───── Information supplied ─────
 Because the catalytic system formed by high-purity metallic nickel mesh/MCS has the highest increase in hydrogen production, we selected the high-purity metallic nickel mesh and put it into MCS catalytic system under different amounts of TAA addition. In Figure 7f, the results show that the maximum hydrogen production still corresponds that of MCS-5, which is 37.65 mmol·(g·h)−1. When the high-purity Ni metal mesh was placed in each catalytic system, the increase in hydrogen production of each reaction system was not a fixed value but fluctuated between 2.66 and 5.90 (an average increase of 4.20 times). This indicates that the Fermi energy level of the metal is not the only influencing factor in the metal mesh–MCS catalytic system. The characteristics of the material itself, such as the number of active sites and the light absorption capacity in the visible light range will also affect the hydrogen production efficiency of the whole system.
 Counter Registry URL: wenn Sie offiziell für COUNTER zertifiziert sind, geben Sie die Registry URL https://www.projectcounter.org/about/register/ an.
─────
───── Information supplied ─────
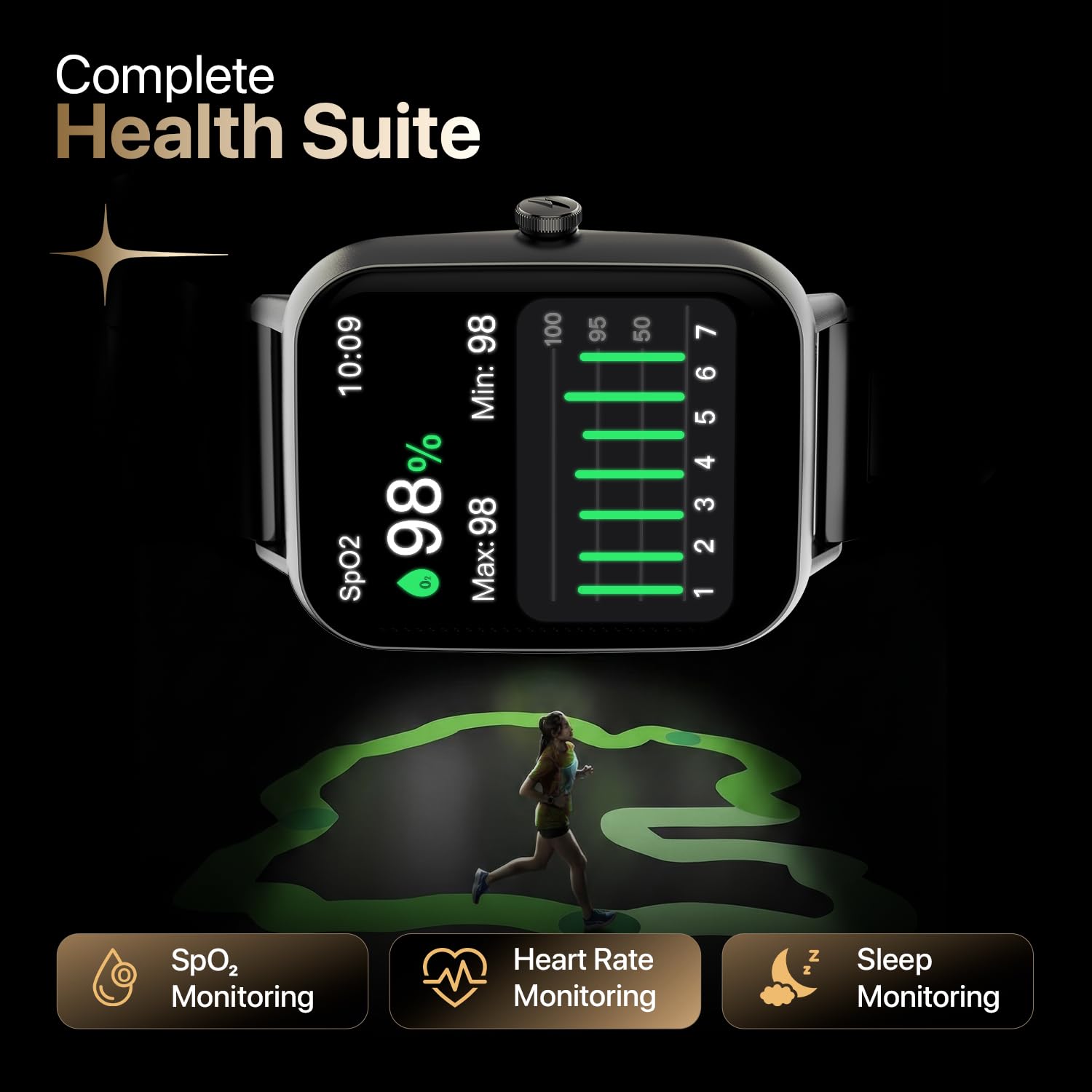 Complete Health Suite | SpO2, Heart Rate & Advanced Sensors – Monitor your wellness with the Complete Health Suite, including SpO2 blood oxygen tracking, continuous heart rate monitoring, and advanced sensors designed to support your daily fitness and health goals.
─────
» Activity
Transcribe the lines above between the line holding "Because the catalytic" and the line holding "Counter Registry URL: wenn", inclusive, exactly as they stand and with nothing added.

» Output below
 Because the catalytic system formed by high-purity metallic nickel mesh/MCS has the highest increase in hydrogen production, we selected the high-purity metallic nickel mesh and put it into MCS catalytic system under different amounts of TAA addition. In Figure 7f, the results show that the maximum hydrogen production still corresponds that of MCS-5, which is 37.65 mmol·(g·h)−1. When the high-purity Ni metal mesh was placed in each catalytic system, the increase in hydrogen production of each reaction system was not a fixed value but fluctuated between 2.66 and 5.90 (an average increase of 4.20 times). This indicates that the Fermi energy level of the metal is not the only influencing factor in the metal mesh–MCS catalytic system. The characteristics of the material itself, such as the number of active sites and the light absorption capacity in the visible light range will also affect the hydrogen production efficiency of the whole system.
 Counter Registry URL: wenn Sie offiziell für COUNTER zertifiziert sind, geben Sie die Registry URL https://www.projectcounter.org/about/register/ an.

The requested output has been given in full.